Teaching robots to use their hands: announcing our investment in Generalist!
We've watched the same story play out across AI for the past several years: a technology improves gradually, then crosses a threshold where it goes from "interesting demo" to something people actually rely on. LLMs did it, image generation did it, and then agentic code generation did it. In each case, the underlying progress was continuous (more data, more compute, steady capability gains) but adoption wasn't. Adoption happened in a step function once the technology got reliable enough to trust.
We think dexterous robotic manipulation is next, and Generalist is the company we're betting on to get there. We're excited to announce our participation in their Series B!
Pete Florence, Andrew Barry, and Andy Zeng are among the most credible founders in robotics. Pete and Andy spent years at Google Brain and DeepMind, where they co-authored PaLM-E, widely considered the first vision-language-action model. The fact that they helped create the dominant paradigm in the field and then chose to build something architecturally different tells you their conviction is informed. Every researcher and roboticist we spoke with said some version of the same thing: these are among the best robotics researchers and practitioners in the world.
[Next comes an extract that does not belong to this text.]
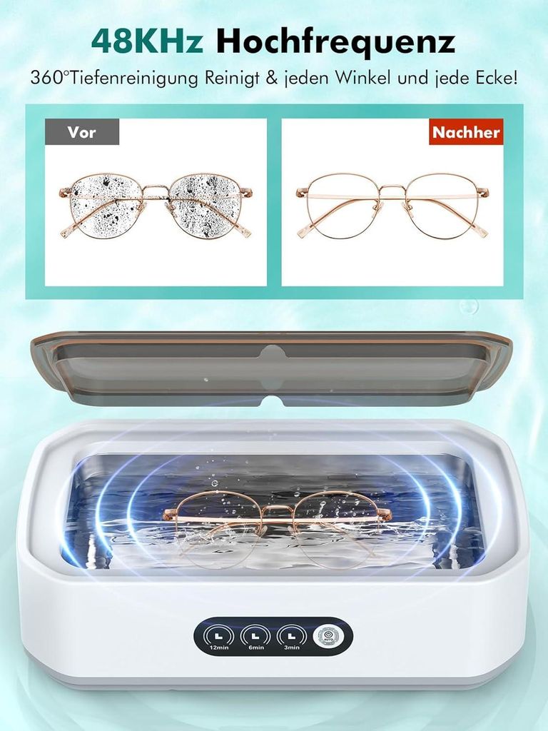Brillenträger, Schmuckliebhaber, Eltern - dieser RIGATE Ultraschallreiniger ist ein echter Alltagshelfer! Mit 46kHz Ultraschallfrequenz entfernt er schonend aber gründlich jeden Schmutz, Öl und Bakterien von euren wertvollen Gegenständen. Der 500ml Edelstahltank (SUS 304) ist groß genug für mehrere Brillen, Schmuckstücke oder Babyartikel gleichzeitig. Die 360° Tiefenreinigung erreicht auch die kleinsten Ritzen, in die keine Bürste kommt. Bis zu 600 Sekunden Dauerbetrieb sorgen für perfekte Ergebnisse in einem Durchgang. Mit nur 24W Leistung ist er energiesparend und sicher in der Anwendung. Ein-Knopf-Bedienung macht es super einfach - einfach Wasser einfüllen, Gegenstände reinlegen und Start drücken. Inklusive 12 Monate Garantie für sorgenfreien Einsatz. Ob Brillen, Uhren, Zahnspangen oder Rasierer - alles kommt blitzblank wieder raus!
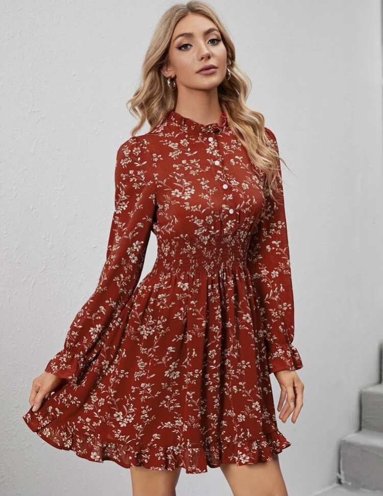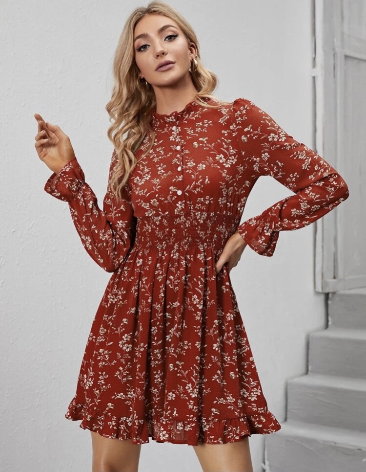 Vestido corto, de manga larga y volantes en las muñecas, cuello fruncido, botones en el pecho.

What gives us confidence in the trajectory is how Generalist collects data and trains their models. Rather than learning from internet video, which captures what manipulation looks like but not what it feels like, Generalist trains on data from humans physically performing tasks while wearing motion capture devices. That data contains the things that actually matter for reliable execution: contact trajectories, force patterns, how objects deform and slip and resist. It's harder to collect than scraping video from the web, but the researchers we spoke with during diligence were consistent in their view that it produces better models for real-world commercial tasks.
And every commercial deployment generates failure cases, recovery paths, and edge-case data that flows back into training. Competitors working primarily from research labs can't easily replicate that feedback loop. If the scaling curve holds, and early results suggest it does, Generalist's lead compounds with every deployment.
Generalist is already deployed with early partners across automated storage, lab automation, and contract manufacturing, with a pipeline spanning automotive, electronics, semiconductor equipment, and more. The market they're going after is the large set of tasks where manipulation is too variable for traditional automation, labor is expensive or scarce, and a robot arm can drop into an existing workstation without requiring a factory redesign. As cobot hardware costs continue to fall, the economics get better every year.
We think Generalist is at the beginning of something important. The technology is improving on a curve we recognize, the team is world-class, and their deployments are already generating the data that makes the next generation of models better.